Supplied data:
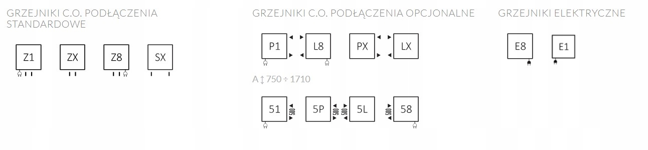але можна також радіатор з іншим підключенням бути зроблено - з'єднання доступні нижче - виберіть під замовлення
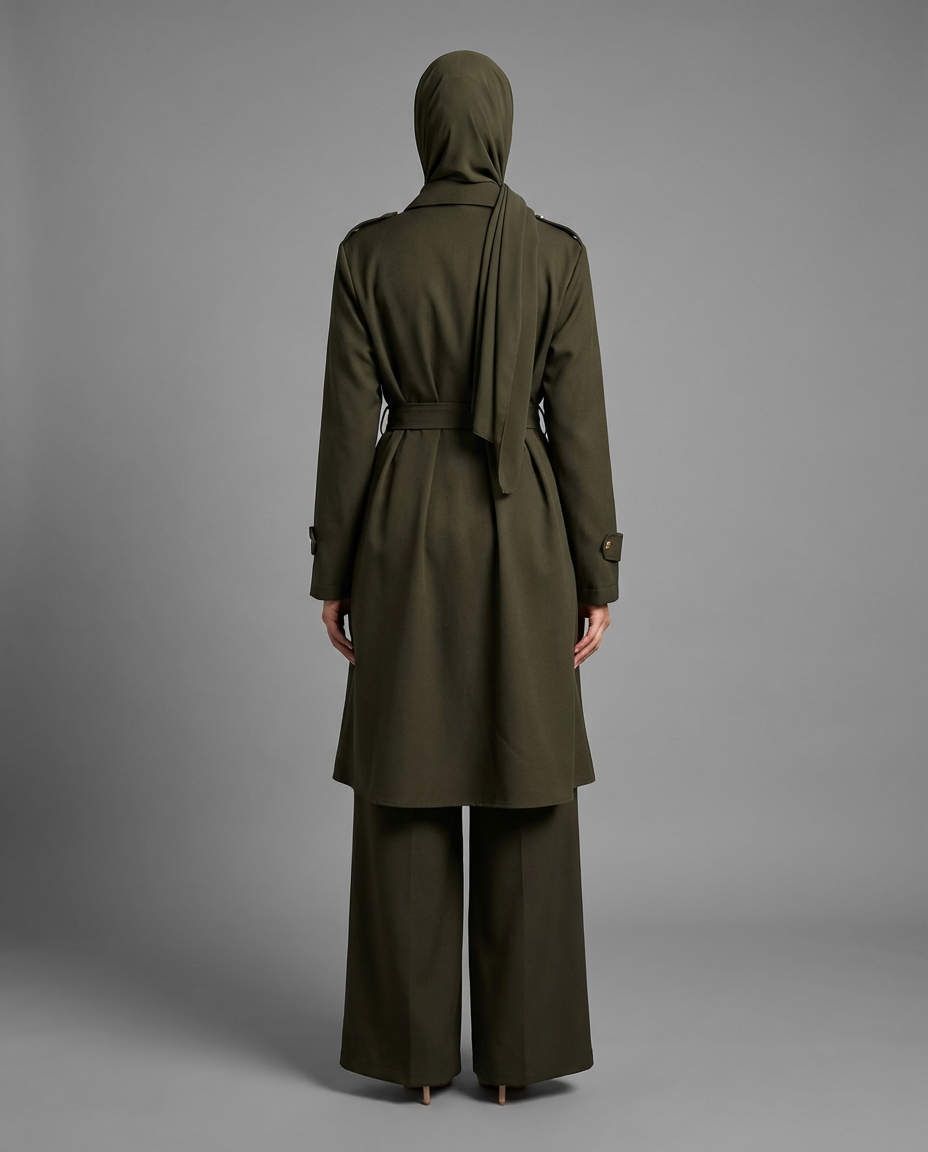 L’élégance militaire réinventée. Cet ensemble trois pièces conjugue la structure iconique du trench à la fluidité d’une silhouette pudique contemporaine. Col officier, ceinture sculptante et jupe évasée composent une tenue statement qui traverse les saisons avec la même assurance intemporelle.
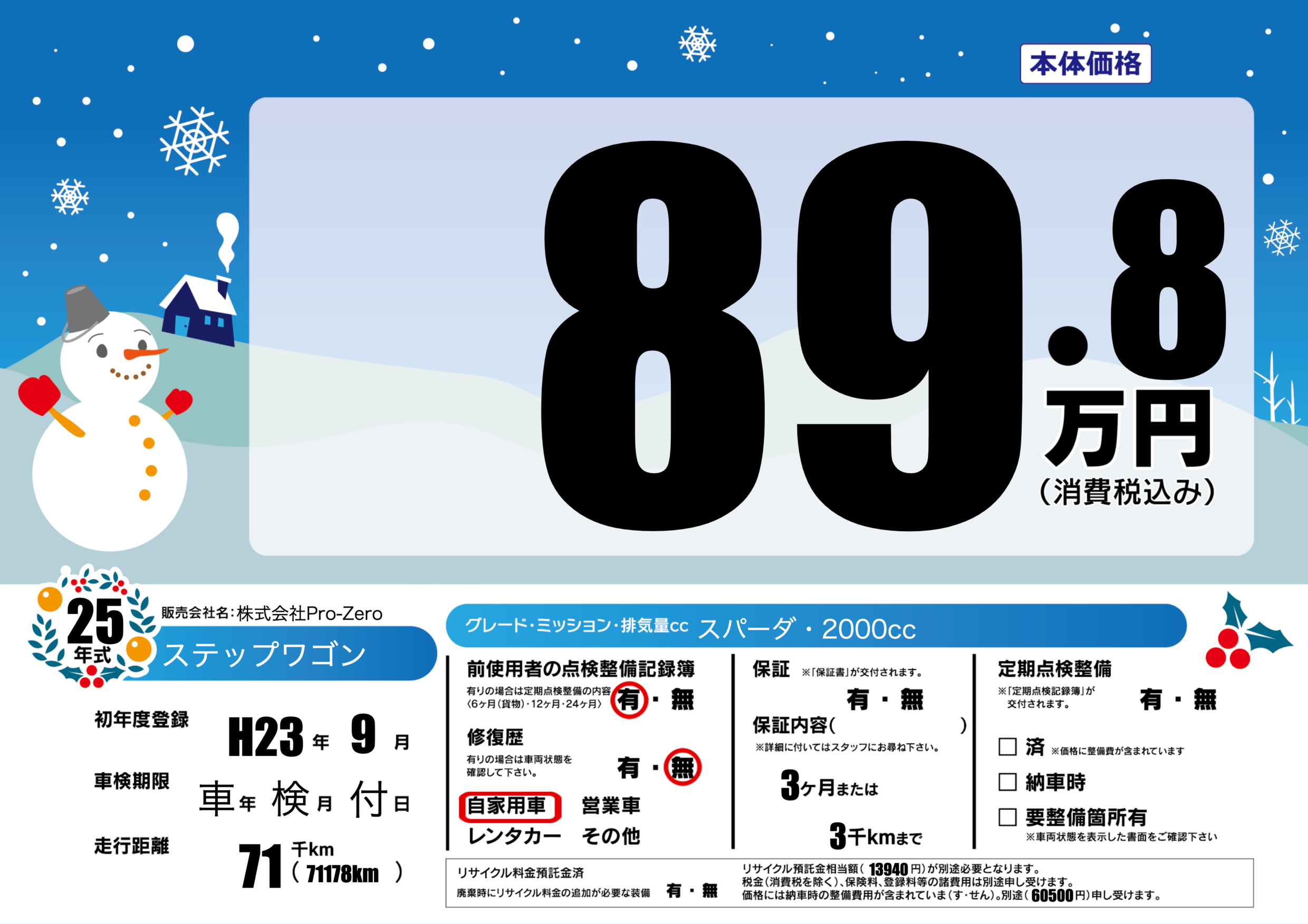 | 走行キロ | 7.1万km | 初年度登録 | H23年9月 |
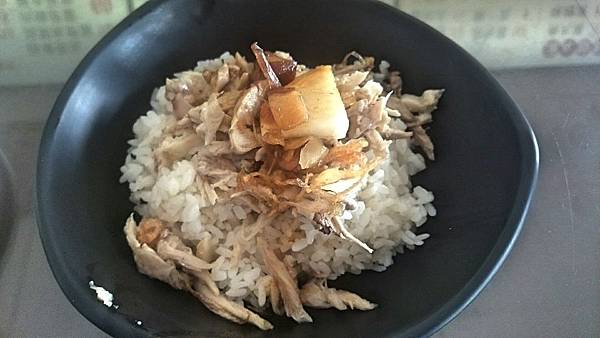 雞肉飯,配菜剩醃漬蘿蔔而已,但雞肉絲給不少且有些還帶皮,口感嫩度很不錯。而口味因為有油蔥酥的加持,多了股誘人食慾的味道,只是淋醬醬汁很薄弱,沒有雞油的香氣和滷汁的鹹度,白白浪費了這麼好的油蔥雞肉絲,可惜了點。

Task goal: In your copy of the listing, please omit the pictures and keep every word exact.

Solution:
але можна також радіатор з іншим підключенням бути зроблено - з'єднання доступні нижче - виберіть під замовлення
 L’élégance militaire réinventée. Cet ensemble trois pièces conjugue la structure iconique du trench à la fluidité d’une silhouette pudique contemporaine. Col officier, ceinture sculptante et jupe évasée composent une tenue statement qui traverse les saisons avec la même assurance intemporelle.
 | 走行キロ | 7.1万km | 初年度登録 | H23年9月 |
 雞肉飯,配菜剩醃漬蘿蔔而已,但雞肉絲給不少且有些還帶皮,口感嫩度很不錯。而口味因為有油蔥酥的加持,多了股誘人食慾的味道,只是淋醬醬汁很薄弱,沒有雞油的香氣和滷汁的鹹度,白白浪費了這麼好的油蔥雞肉絲,可惜了點。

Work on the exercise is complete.